When I do a time-travel query against a table with schema changes.
I expect that the result is structured using the schema. But it turned out
to be structured using the current schema.
Is this an expected behavior?
I think it would be nice to be able to query the data in its original
shape. What do you think?
Code snippet as follows. Environment: Iceberg 0.10.0, Spark 3.0.1
sql("create table iceberg.test.schema_timetravel (id int, name string)
using iceberg")
sql("insert into table iceberg.test.schema_timetravel values(1, 'aaa')")
sql("insert into table iceberg.test.schema_timetravel values(2, 'bbb')")
sql("select * from iceberg.test.schema_timetravel").show()
+---+-------+
| id| name|
+---+-------+
| 1| aaa|
| 2| bbb|
+---+-------+
sql("select * from iceberg.test.schema_timetravel.history").show()

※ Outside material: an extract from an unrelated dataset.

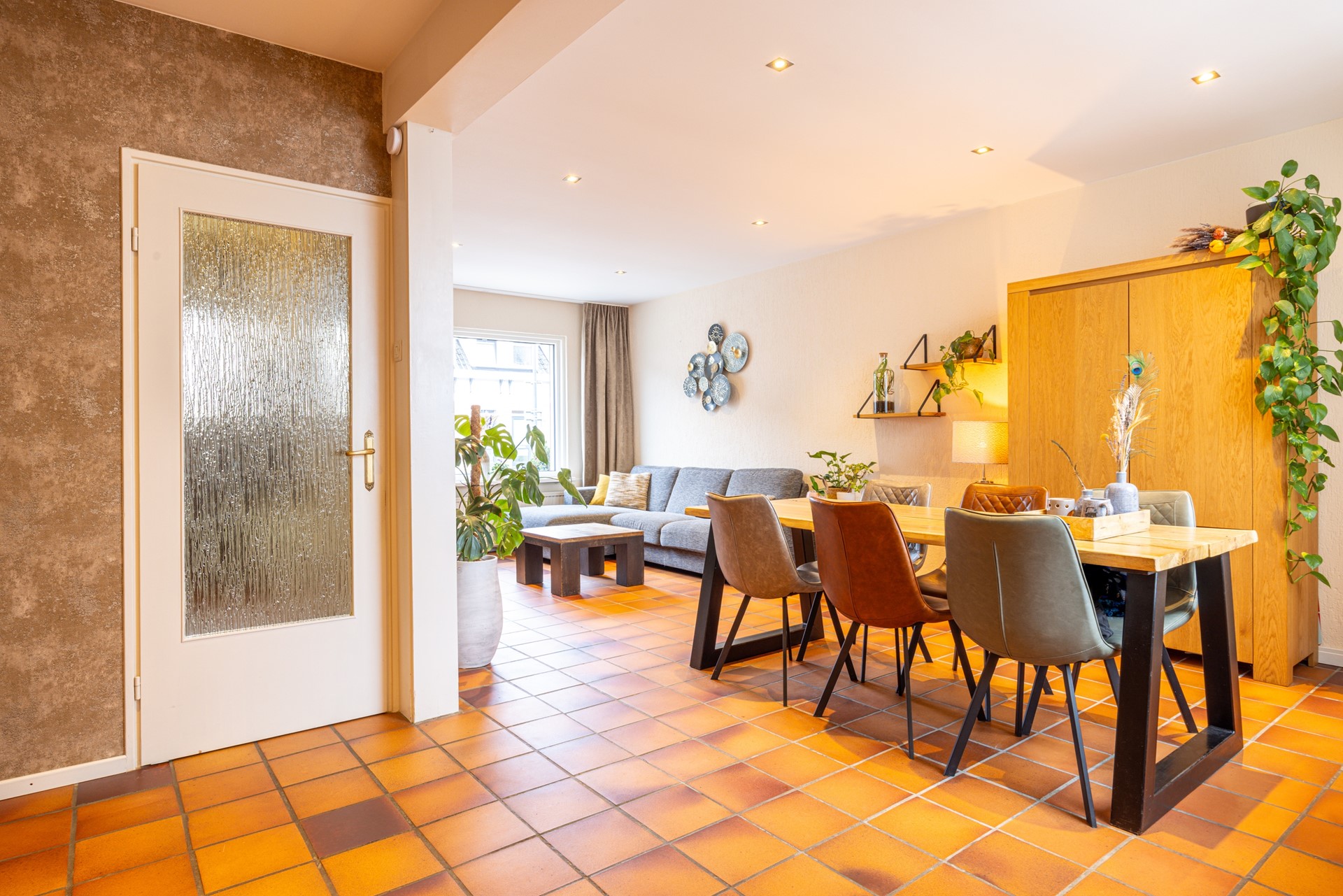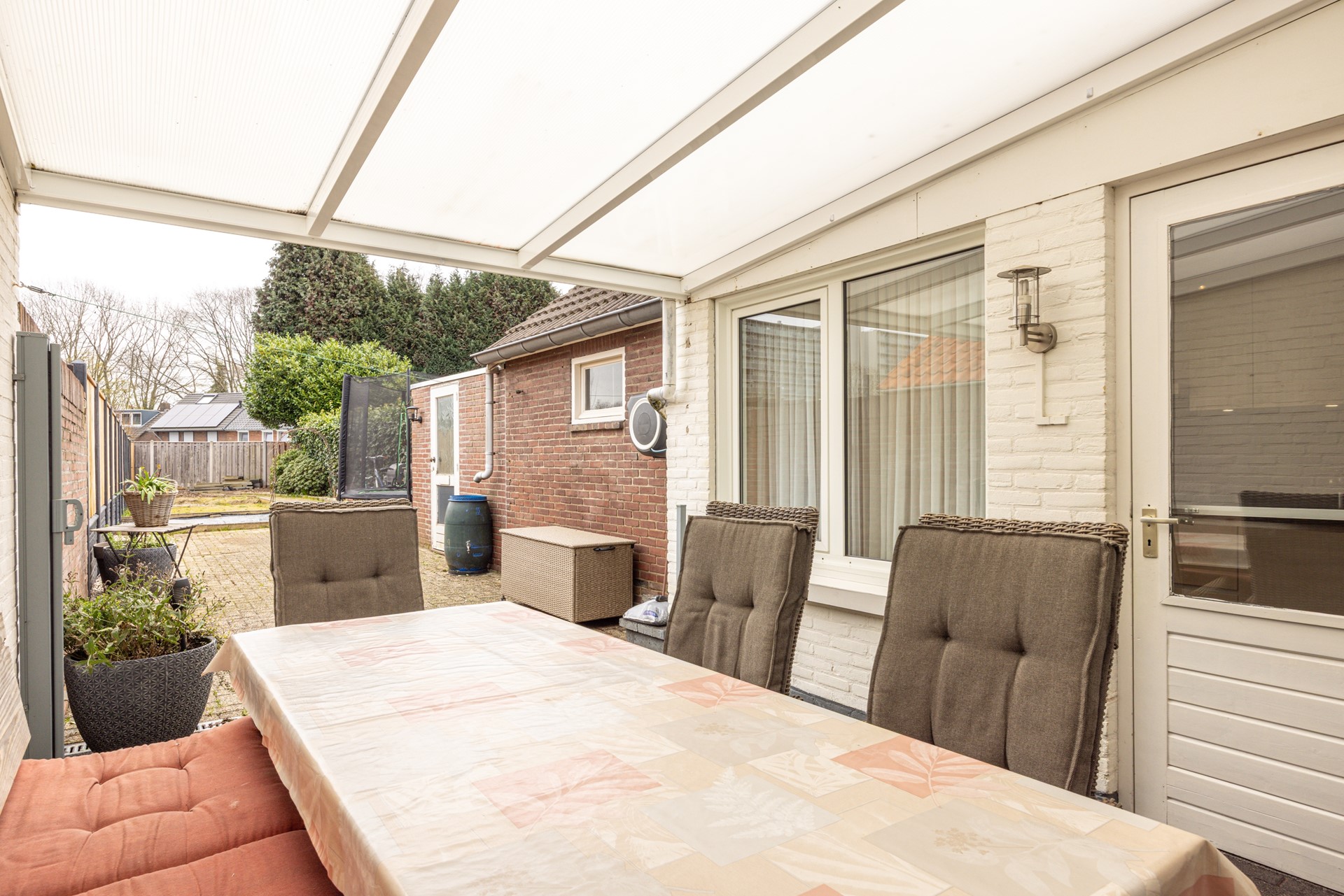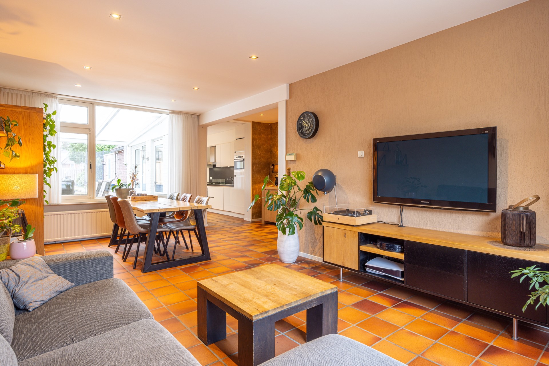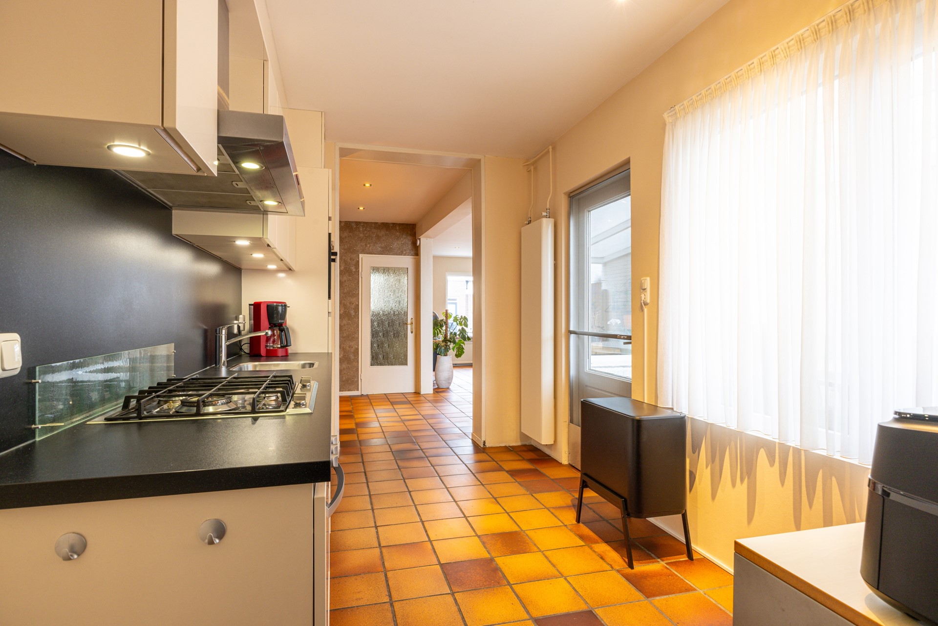 Via de verzorgde voortuin bereik je de entree van de woning. In de ontvangsthal ligt een tegelvloer en hier bevinden zich de garderobe, het toilet en de toegang tot de provisiekelder. In deze kelder bevindt zich tevens de omvormer van de zonnepanelen en daarnaast is er voldoende bergruimte aanwezig. Vanuit de hal loop je door naar de woonkamer. De doorzonwoonkamer is ruim opgezet en voorzien van dezelfde tegelvloer als in de hal, wat zorgt voor een rustig en verzorgd geheel. Dankzij de grote raampartijen aan zowel de voor- als achterzijde valt er veel daglicht binnen. In het plafond zijn inbouwspots verwerkt en aan de voorzijde is een elektrisch bedienbaar rolluik aanwezig. De woonkamer staat in verbinding met de halfopen keuken. Deze keuken beschikt over voldoende werk- en kastruimte en is uitgerust met diverse inbouwapparatuur, waaronder een combi-heteluchtoven, een extra oven, een gasfornuis, afzuigkap, koelkast en vaatwasser. Het aanwezige raam zorgt hier voor prettig daglicht. Vanuit de keuken is er directe toegang tot het overdekte terras in de achtertuin. Aansluitend aan de keuken bevindt zich de bijkeuken. Hier zijn de witgoedaansluitingen gesitueerd en er is volop ruimte aanwezig voor het plaatsen van extra voorraad of opbergkasten.

+--------------------+-------------------+-------------------+-------------------+
| made_current_at| snapshot_id|
parent_id|is_current_ancestor|
+--------------------+-------------------+-------------------+-------------------+
|2020-12-14 22:44:...|2849000299888498484| null|
true|
|2020-12-14 22:44:...|5610242355805640211|2849000299888498484|
true|
+--------------------+-------------------+-------------------+-------------------+
sql("alter table iceberg.test.schema_timetravel drop column name")
sql("select * from iceberg.test.schema_timetravel").show()
+---+
| id|
+---+
| 1|
| 2|
+---+
spark.read.format("iceberg").option("snapshot-id",
2849000299888498484L).load("test.schema_timetravel").show()
// Expect: show data in the previous schema: (1, aaa)
// Result: show data in the current schema: (1)
+---+
| id|
+---+
| 1|
+---+
Best regards,
Tianyi